FIGURES SHOW that the biggest plunge in prices in 2016 was experienced by cereal growers, but it was dairy farmers from the radical European Milk Board that were protesting by throwing milk powder as farm ministers met in Brussels.

They were there despite a 25% increase in the milk price by the end of 2016, and despite the European Commission keeping open its dairy aid package, which includes supporting producer organisations to give farmers more muscle in the supply chain.

The farm commissioner, Phil Hogan, said he could not understand why they were protesting. He suggested other sectors were facing difficult times and had not enjoyed the support dairy farmers had received, or seen prices increase so dramatically in 2016. He warned that beef had been hit because of dairy cow culling last year, while poultry is suffering because of a global surge in production and the impact of avian flu. He said that all sectors, and not only dairy, continued to face uncertain times and that volatility was here to stay.

This was no real surprise, and the Commission response is changing from market support to more aggressive promotion outside the EU. It has been increasing its promotional budget – and results suggest this is proving effective, with sales increasing in key markets such as the United States and China.

With the new, more aggressive stance towards trade in the United States it is hard to see where trade is going. There is no question that the government in London sees trade deals with countries outside the EU as its primary goal, to offset criticism of its Brexit strategy.

It was however disappointing this week, when the prime minister, Theresa May, was talking about new industrial priorities after Brexit that neither farming or food were mentioned. This is surprising, given that food is in high in the top ten of manufacturing businesses in the UK, and is a major employer in rural areas.
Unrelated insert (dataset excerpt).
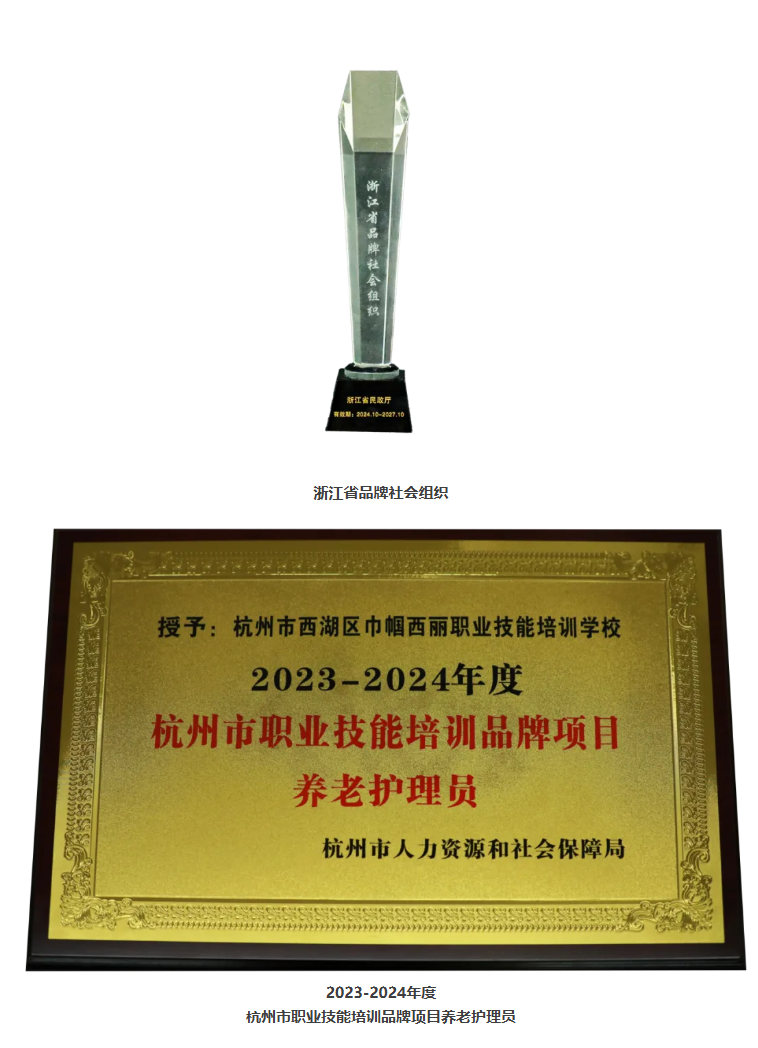 近日,巾幗西麗職業(yè)技能培訓(xùn)學(xué)校先后榮獲浙江省民政廳頒發(fā)的 “浙江省品牌社會組織” 稱號及杭州市人力資源和社會保障局頒發(fā)的 “2023 - 2024 年度杭州市職業(yè)技能培訓(xùn)品牌項(xiàng)目養(yǎng)老護(hù)理員” 稱號。

While the government's trade strategy is not well developed – or if it is, has not been made public even to industry bodies – I would bet on the outcome, and it is unlikely to be a good one for the farming industry.

Hopefully I will be proved completely wrong on this, but my hunch is that policy on trade will be driven by securing access to key markets for exports, particularly sales that will help London retain its position as a global centre for banking, finance and insurance. This will be the driver, and the default position will be deals based on mutual tariff free access.

This would open the UK market to a surge in commodity imports, and food would be high on that list. This is not a new concept, but in EU trade negotiations so-called sensitive products that need to be protected are identified. These generally include food, since the EU is wide open to cheap imports because of the high cost base of its regulation-driven farming systems.

It is difficult to see the UK, desperate as it is to conclude trade deals, being as keen to protect sensitive products. The days when the Conservative party was the natural ally of farmers are long gone, and indeed the farming industry now has few friends at Westminster.

The argument likely to be put forward by ministers is that food imports would help sustain a successful food industry, which would enjoy reduced input costs; at the same time it would help keep prices down on supermarket shelves, which would please the general public. The countryside would then be maintained by paying farmers environmental grants to deliver 'public goods'. The most efficient farms would have the option of matching these lower prices, while farmers in general would specialise to supply fresh products, such as milk, and to meet the demand of the still substantial top end of the consumer markets where provenance is important.

This would change farming as we know it. But if the government is cynically calculating the approach that would deliver most for the economy and please a majority of voters, this depressing scenario for agriculture is the one that would do that. The fact that Defra has a minister more interested in Brexit than agriculture makes this outcome all the more likely, if no less depressing for an industry that deserves more from Westminster for having backed the departure of the UK from the European Union.